Revisiting Virchow's triad: exploring the cellular and molecular alterations in cerebral venous congestion

Abstract

Background: Cerebral venous thrombosis (CVT) is a rare but serious condition that can lead to significant morbidity and mortality. Virchow's triad elucidates the role of blood hypercoagulability, blood flow dynamics, and endothelial damage in the pathogenesis of CVT. Cerebral venous congestion (CVC) increases the risk of cerebral venous sinus thrombosis and can lead to recurrent episodes and residual symptoms. However, the precise mechanism by which blood congestion leads to thrombosis remains unclear. Our objective was to investigate the cellular and molecular alterations linked to CVC through analysis of the pathological morphology of venous sinus endothelial cells and transcriptomic profiling.

Results: This study demonstrated a remarkable correlation between CVC and the phenotypic transformation of endothelial cells from an anticoagulant to a procoagulant state. The findings revealed that cerebral venous stasis results in tortuous dilatation of the venous sinuses, with slow blood flow and elevated pressure in the sinuses and damaged endothelial cells of the retroglenoid and internal jugular vein ligation (JVL) rat model. Mechanistically, analysis of transcriptomic results of cerebral venous sinus endothelial cells showed significant activation of platelet activation, complement and coagulation cascades pathway in the JVL rats. Furthermore, the expression of von Willebrand factor (vWF) and coagulation factor VIII (F8) in the complement and coagulation cascades and Fgg and F2 in the platelet activation was increased in the cerebral venous sinuses of JVL rats than in sham rats, suggesting that endothelial cell injury in the venous sinus induced by CVC has a prothrombotic effect.
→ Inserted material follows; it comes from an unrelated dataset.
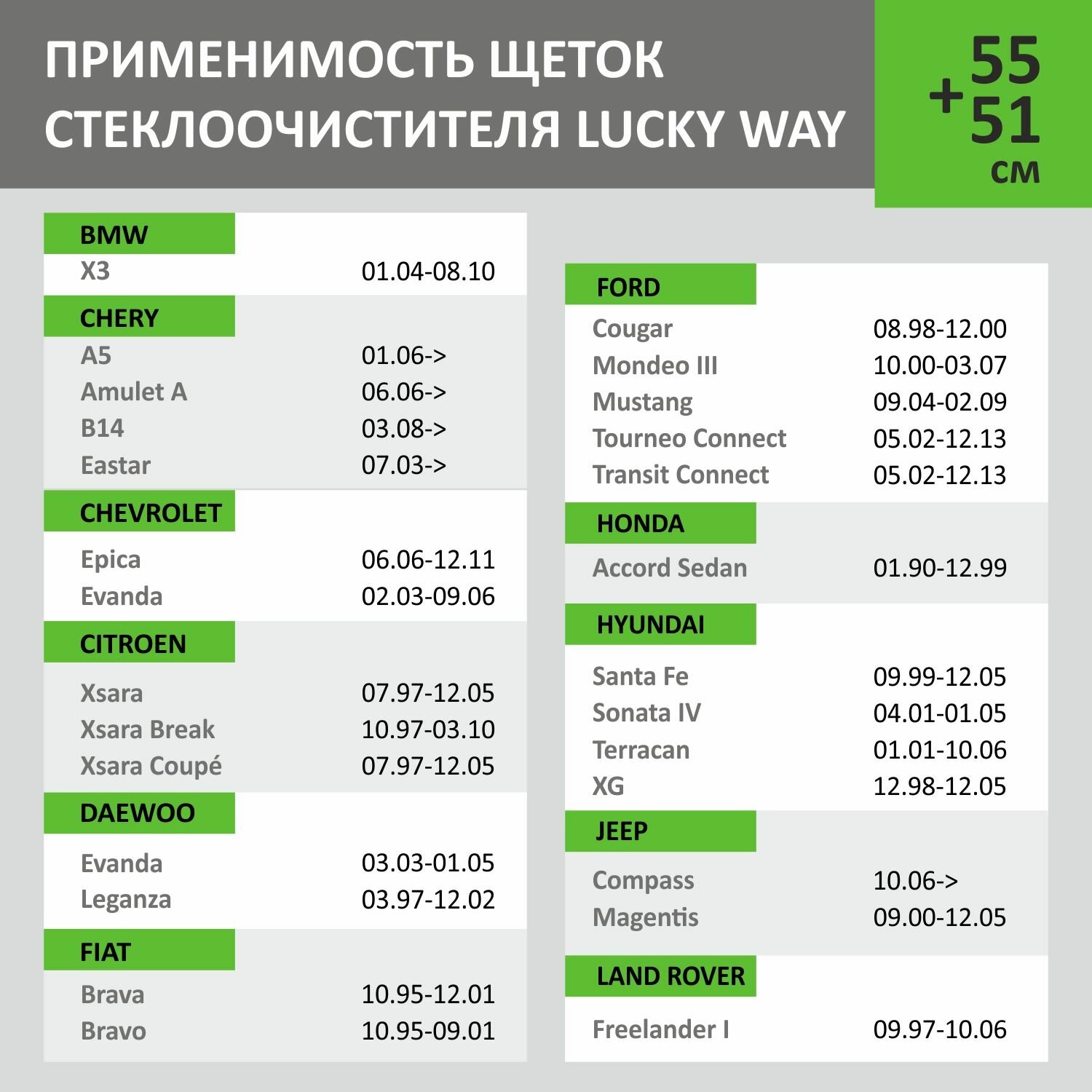2 Щетки стеклоочистителя в комплекте (55+51 см), Дворники для автомобиля LuckyWay для MITSUBISHI Pajero 06-Н. В; FORD Mondeo III 00-07; HYUNDAI Santa Fe 99-05; BMW X3 04-10

In addition, endothelial cell damage accelerates coagulation and promotes platelet activation. Significantly, the concentrations of vWF, F2 and F8 in venous sinus blood of patients with internal jugular vein stenosis were higher than in their peripheral blood.
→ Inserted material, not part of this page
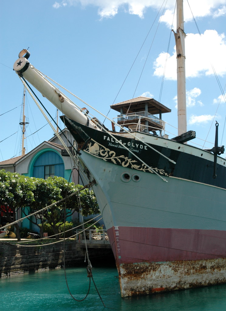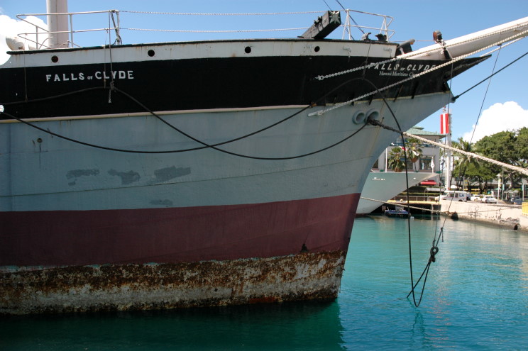 September 5, 2008: Close up of the bow of the Falls of Clyde showing the missing figurehead and hull condition. |
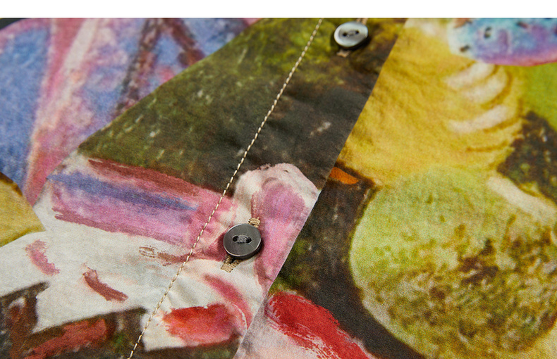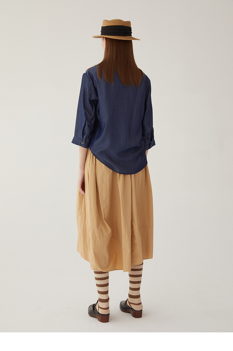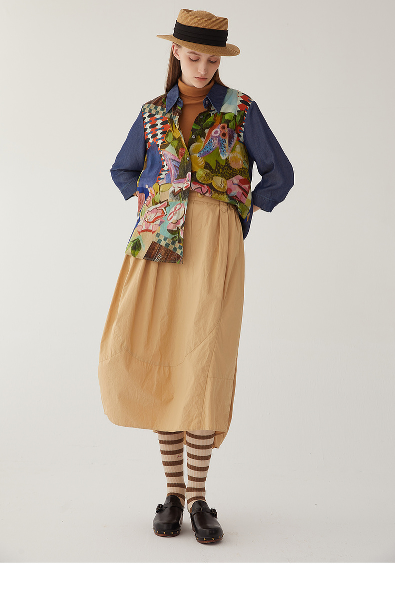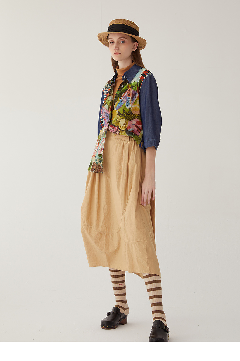 谜底牛仔拼接衬衫分袖女2024夏季新款复古印花亲肤衬衣246MC7071

Conclusion: Collectively, our data suggest that CVC can induce endothelial cell damage, which then exhibits a procoagulant phenotype and ultimately increases the risk of CVT. This research contributes to our understanding of the pathophysiology of CVC associated with procoagulant factors and reexamines the components of Virchow's triad in the context of CVC.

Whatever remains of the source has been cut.